* Exercise aim: The lines to extract run from the start of the records through the line with "Im Offenen Kulturtreff", both ends included; drop the pictures.

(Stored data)
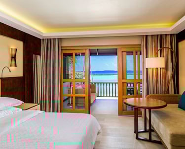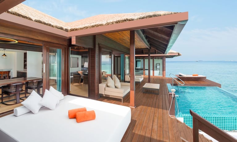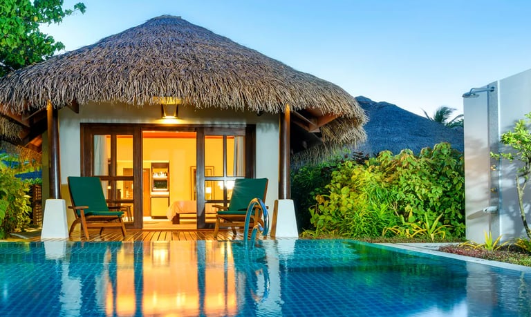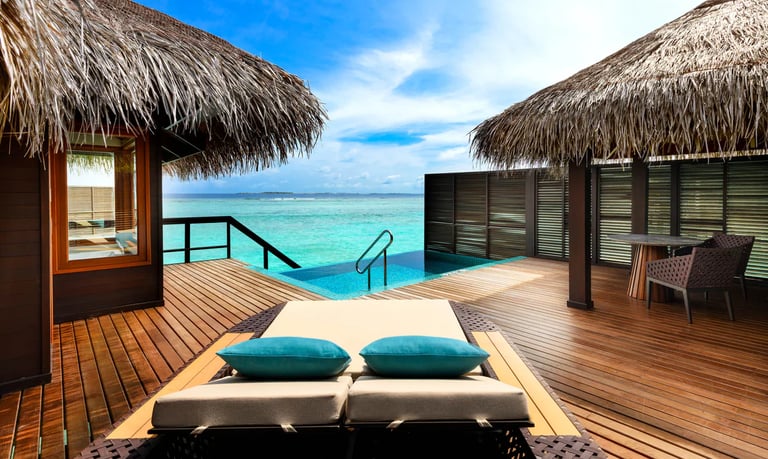 Nestled on its own private island, just a scenic 15-minute speedboat ride from Velana International Airport, Sheraton Maldives Full Moon Resort & Spa invites you to discover an idyllic sanctuary. This luxurious haven seamlessly blends pristine white-sand beaches with crystal-clear turquoise lagoons and lush tropical foliage. Indulge in exquisite dining experiences, rejuvenate at the Shine Spa for Sheraton, and explore vibrant house reefs teeming with marine life. Whether seeking adventure or pure relaxation, this resort promises an unforgettable escape, crafted with exceptional service and the signature warmth of Maldivian hospitality.
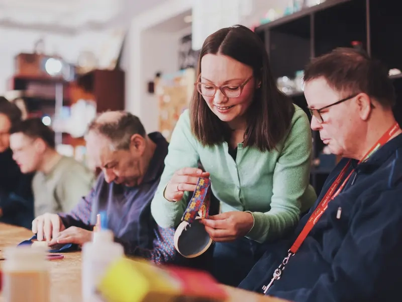 Im Offenen Kulturtreff sorgt die Initiative darüber hinaus für inklusive Begegnungen. Jung und Alt, Menschen mit und ohne Behinderung sowie Menschen mit unterschiedlicher Herkunft kommen hier zusammen. In Kooperation mit dem Riebeckstift Halle treffen sich Menschen mit und ohne Behinderung, um mit verschiedenen Materialien zu arbeiten. Ein Töpfer-Angebot bietet Entschleunigung, Entspannung und Kreativität für Jugendliche und junge Erwachsene in Wohngruppen und sozialen Diensten. Und auch im Klöppeltreff und in der Upcycling-Kinder-Werkstatt sind alle Interessierten herzlich willkommen.
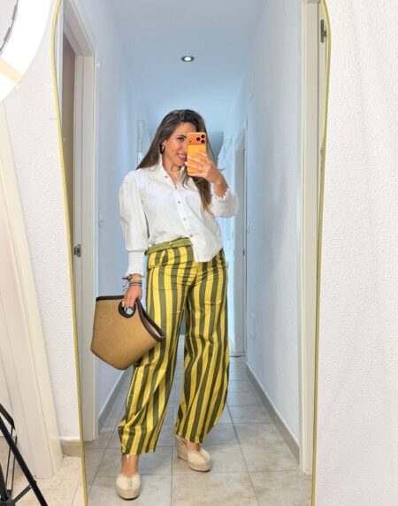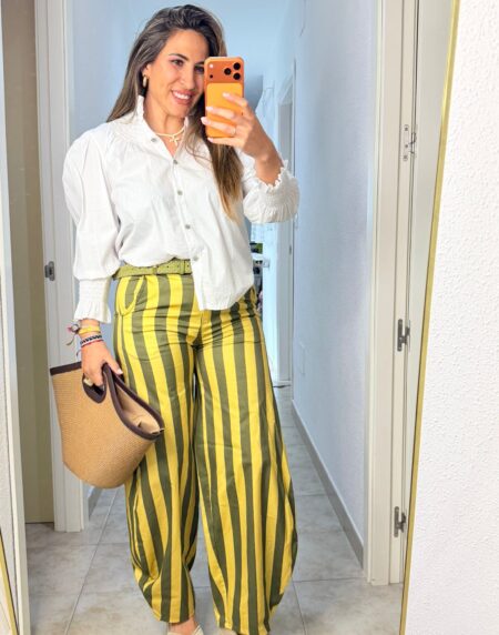 Jersey de punto de color naranja y marino, de media manga. En talla única (tallan de la S a la XL).
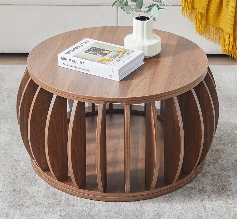 Wrought Studio Carreiro Round Drum Coffee Table - Brown
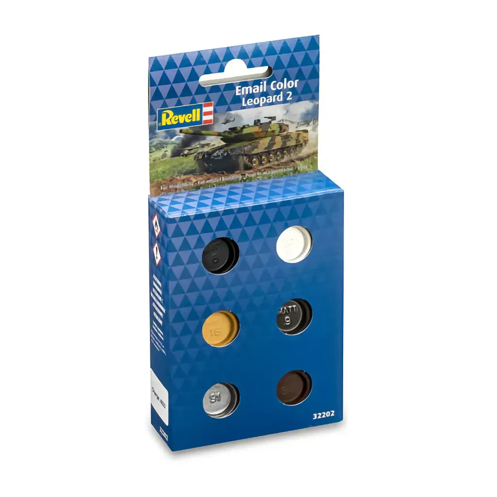 Färgset med sex emaljfärger anpassat för målning av stridsvagnen Leopard 2 A6M+ från Revell.
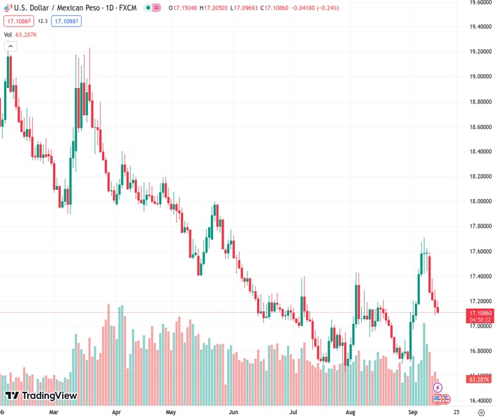 The US dollar against the Mexican peso is currently valued at 17.1127, which represents a 0.23% decrease from the previous rate of 17.1119. This decline is attributed to underwhelming US Retail Sales figures, although there was positive news from better-than-expected jobless claims and Producer Price Index (PPI) data.
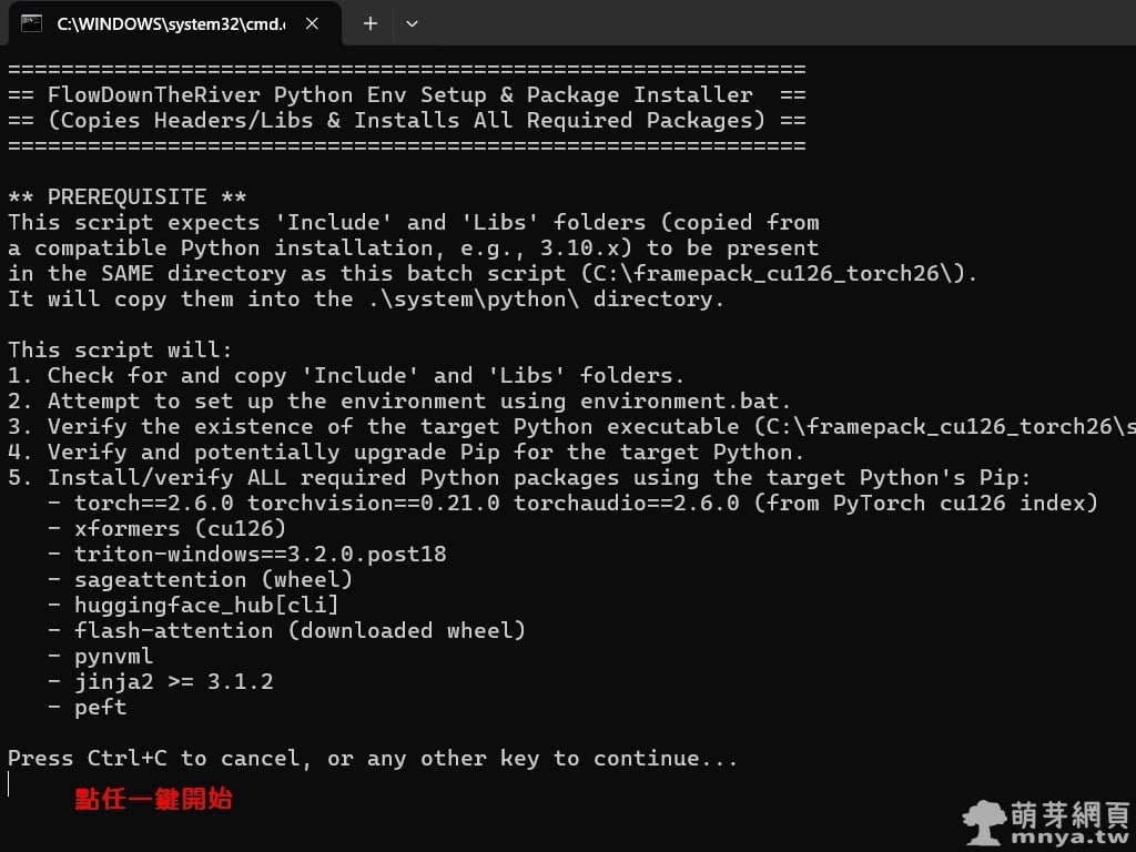 ▲ 終端機會顯示安裝前確認訊息與安裝模組清單,包含 SageAttention、FlashAttention、xformers 等重要加速模組。
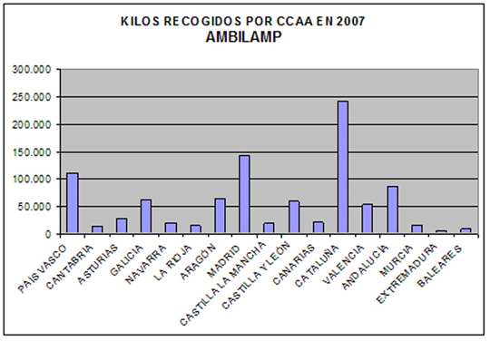 De este modo, Ambilamp ha recuperado ya 1.500 Toneladas de lámparas desde el inicio de su actividad hasta finales del 2007, destacando por Comunidades Autónomas, Cataluña, Madrid y País Vasco que han registrado las mayores tasas de reciclaje, alcanzando entre las tres el 50% del total de lo reciclado en España. Un segundo grupo compuesto por Andalucía, Galicia, Aragón y Castilla-La Mancha suman el 28%, y el resto de Comunidades el restante 22 por ciento.
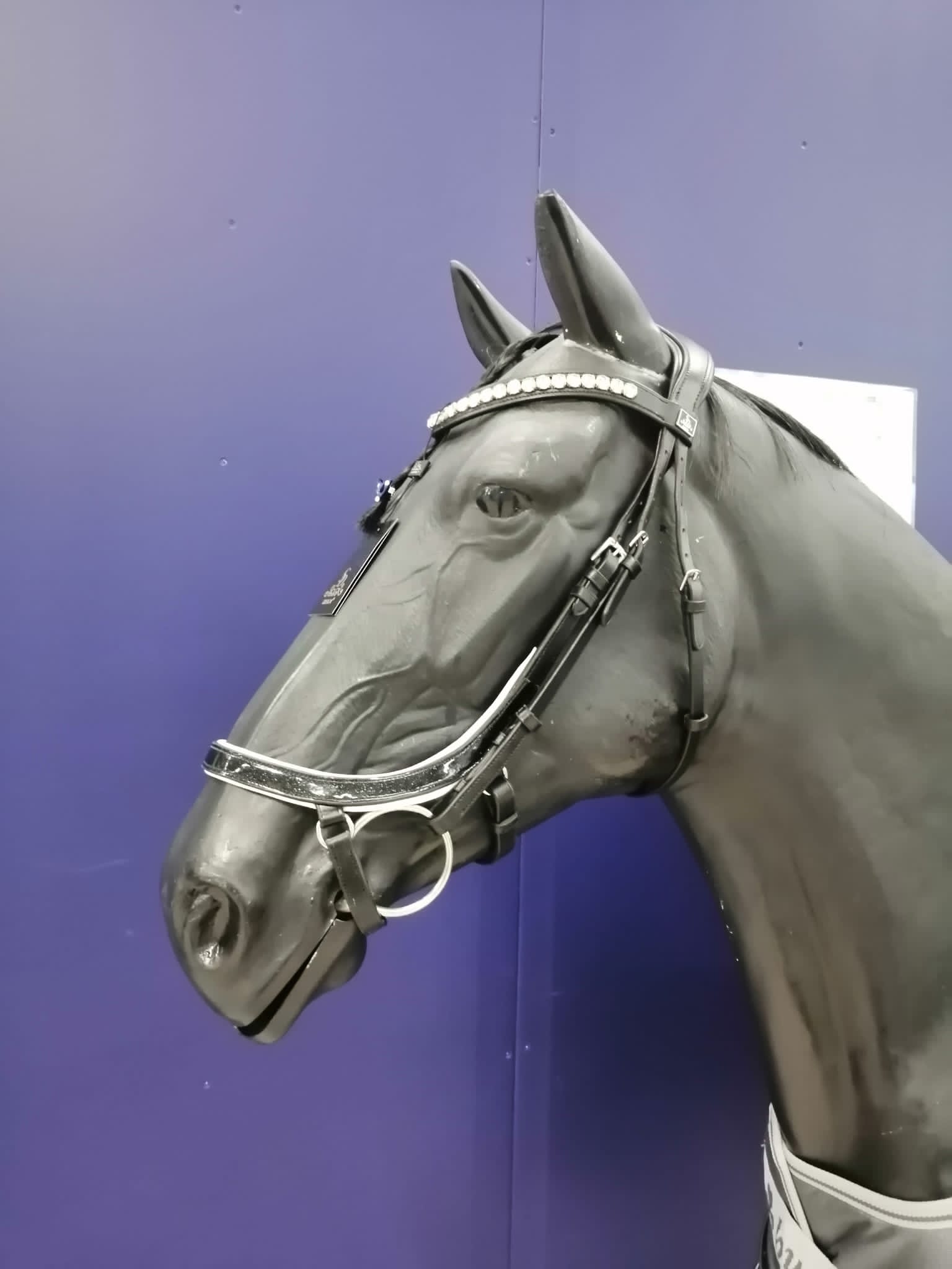 Tyylikäs koristeltu, kaareva otsahihna on valmistettu pehmeästä nahasta ja siinä on kirkkaita, suuria 10 mm:n Rivoli-kiteitä. Nämä takaavat tyypillisen SD-muotoilutyylin ja kimaltelevat ponisi tai hevosesi jokaisessa liikkeessä.

* Task output:
 Nestled on its own private island, just a scenic 15-minute speedboat ride from Velana International Airport, Sheraton Maldives Full Moon Resort & Spa invites you to discover an idyllic sanctuary. This luxurious haven seamlessly blends pristine white-sand beaches with crystal-clear turquoise lagoons and lush tropical foliage. Indulge in exquisite dining experiences, rejuvenate at the Shine Spa for Sheraton, and explore vibrant house reefs teeming with marine life. Whether seeking adventure or pure relaxation, this resort promises an unforgettable escape, crafted with exceptional service and the signature warmth of Maldivian hospitality.
 Im Offenen Kulturtreff sorgt die Initiative darüber hinaus für inklusive Begegnungen. Jung und Alt, Menschen mit und ohne Behinderung sowie Menschen mit unterschiedlicher Herkunft kommen hier zusammen. In Kooperation mit dem Riebeckstift Halle treffen sich Menschen mit und ohne Behinderung, um mit verschiedenen Materialien zu arbeiten. Ein Töpfer-Angebot bietet Entschleunigung, Entspannung und Kreativität für Jugendliche und junge Erwachsene in Wohngruppen und sozialen Diensten. Und auch im Klöppeltreff und in der Upcycling-Kinder-Werkstatt sind alle Interessierten herzlich willkommen.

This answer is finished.